Mast Cells Are Crucial for Induction of Group 2 Innate Lymphoid Cells and Clearance of Helminth Infections

Mast cells are important for eradication of intestinal nematodes; however, their precise mechanisms of action have remained elusive, especially in the early phase of infection. We found that Spi-B-deficient mice had increased numbers of mast cells and rapidly expelled the Heligmosomoides polygyrus (Hp) nematode. This was accompanied by induction of interleukin-13 (IL-13)-producing group 2 innate lymphoid cells (ILC2) and goblet cell hyperplasia. Immediately after Hp infection, mast cells were rapidly activated to produce IL-33 in response to ATP released from apoptotic intestinal epithelial cells. In vivo inhibition of the P2X7 ATP receptor rendered the Spi-B-deficient mice susceptible to Hp, concomitant with elimination of mast cell activation and IL-13-producing ILC2 induction.
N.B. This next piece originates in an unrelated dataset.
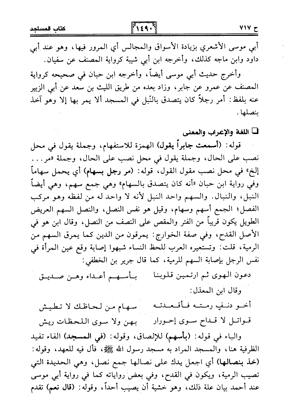 والباء في قوله: (بأسهم) للإلصاق، وقوله: (في المسجد) الفاء تفيد الظرفية هنا، والمسجد المراد به مسجد رسول الله - صلى الله عليه وسلم -، فأل فيه للعهد، وقوله: (خذ بنصالها) أي اجعل يدك على نصالها جمع نصل، وهي الحديدة التي تصيب الرمية، ويكون في القدح، وفي بعض رواياته كما في رواية أبي موسى عند أحمد بيان علة ذلك، وهو خشية أن يصيب أحدًا، وقوله: (قال نعم) تقدم

These results uncover a previously unknown role for mast cells in innate immunity in that activation of mast cells by ATP orchestrates the development of a protective type 2 immune response, in part by producing IL-33, which contributes to ILC2 activation. [Display omitted] •Spi-B-deficient mice are resistant to intestinal helminth infection•Myeloid differentiation is regulated by the Ets transcription factor Spi-B•Mast cells are a potent source of IL-33 and can activate ILC2•The production of IL-33 by mast cells requires their activation through ATP-P2X7 Mast cells are supposed to contribute to protection against helminthic infection in the later phase. Shimokawa and colleagues demonstrate that mast cells play a critical role for activation of ILC2 responsible for parasite expulsion in the early phase.